> [Exercise] Write every line below out again exactly, images omitted.

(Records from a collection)
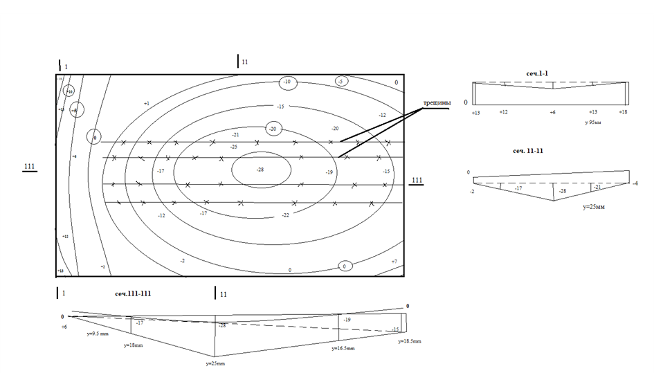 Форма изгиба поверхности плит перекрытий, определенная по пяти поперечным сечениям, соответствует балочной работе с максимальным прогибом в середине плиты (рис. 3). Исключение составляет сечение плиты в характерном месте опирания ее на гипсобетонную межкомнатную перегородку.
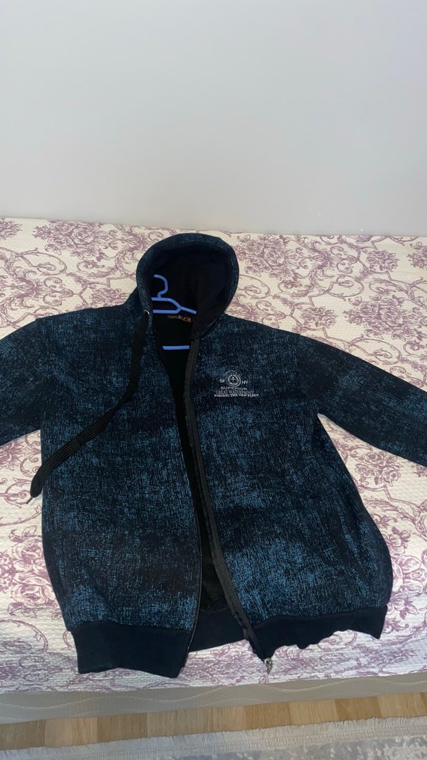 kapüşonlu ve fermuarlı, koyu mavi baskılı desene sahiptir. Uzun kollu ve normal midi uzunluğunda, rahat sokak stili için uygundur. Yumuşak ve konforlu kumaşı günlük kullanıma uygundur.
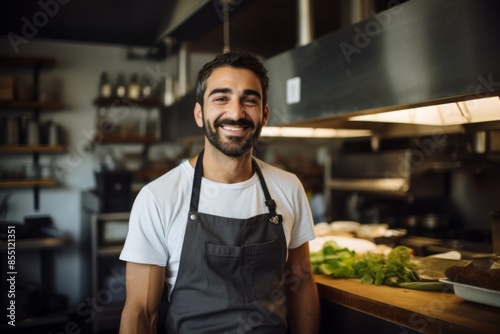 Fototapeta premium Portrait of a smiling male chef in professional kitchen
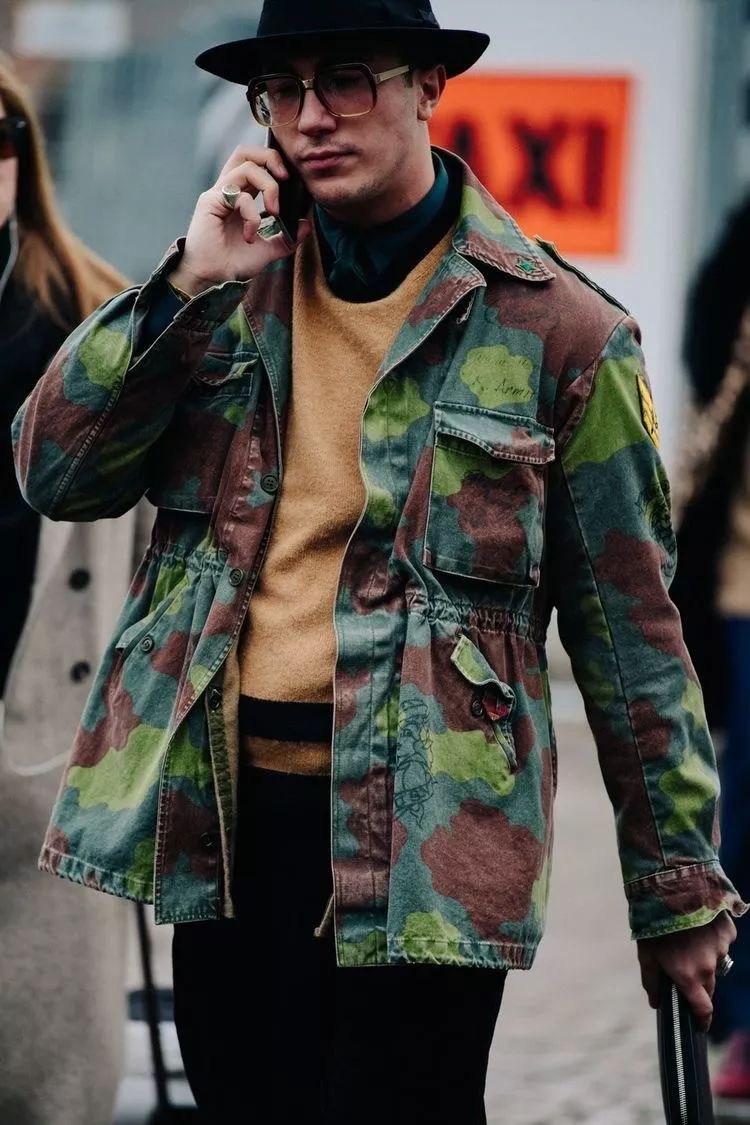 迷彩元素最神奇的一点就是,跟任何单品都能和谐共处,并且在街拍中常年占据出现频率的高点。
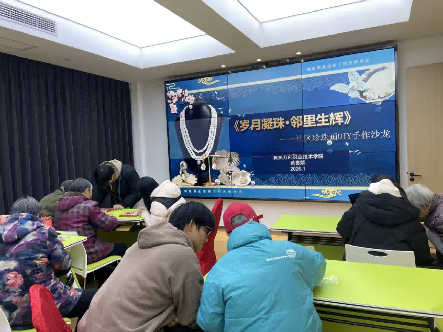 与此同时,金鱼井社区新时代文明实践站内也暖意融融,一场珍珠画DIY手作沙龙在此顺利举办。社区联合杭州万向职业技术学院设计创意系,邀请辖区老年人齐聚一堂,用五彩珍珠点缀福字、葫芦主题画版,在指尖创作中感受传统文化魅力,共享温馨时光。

> [Exercise response]
 Форма изгиба поверхности плит перекрытий, определенная по пяти поперечным сечениям, соответствует балочной работе с максимальным прогибом в середине плиты (рис. 3). Исключение составляет сечение плиты в характерном месте опирания ее на гипсобетонную межкомнатную перегородку.
 kapüşonlu ve fermuarlı, koyu mavi baskılı desene sahiptir. Uzun kollu ve normal midi uzunluğunda, rahat sokak stili için uygundur. Yumuşak ve konforlu kumaşı günlük kullanıma uygundur.
 Fototapeta premium Portrait of a smiling male chef in professional kitchen
 迷彩元素最神奇的一点就是,跟任何单品都能和谐共处,并且在街拍中常年占据出现频率的高点。
 与此同时,金鱼井社区新时代文明实践站内也暖意融融,一场珍珠画DIY手作沙龙在此顺利举办。社区联合杭州万向职业技术学院设计创意系,邀请辖区老年人齐聚一堂,用五彩珍珠点缀福字、葫芦主题画版,在指尖创作中感受传统文化魅力,共享温馨时光。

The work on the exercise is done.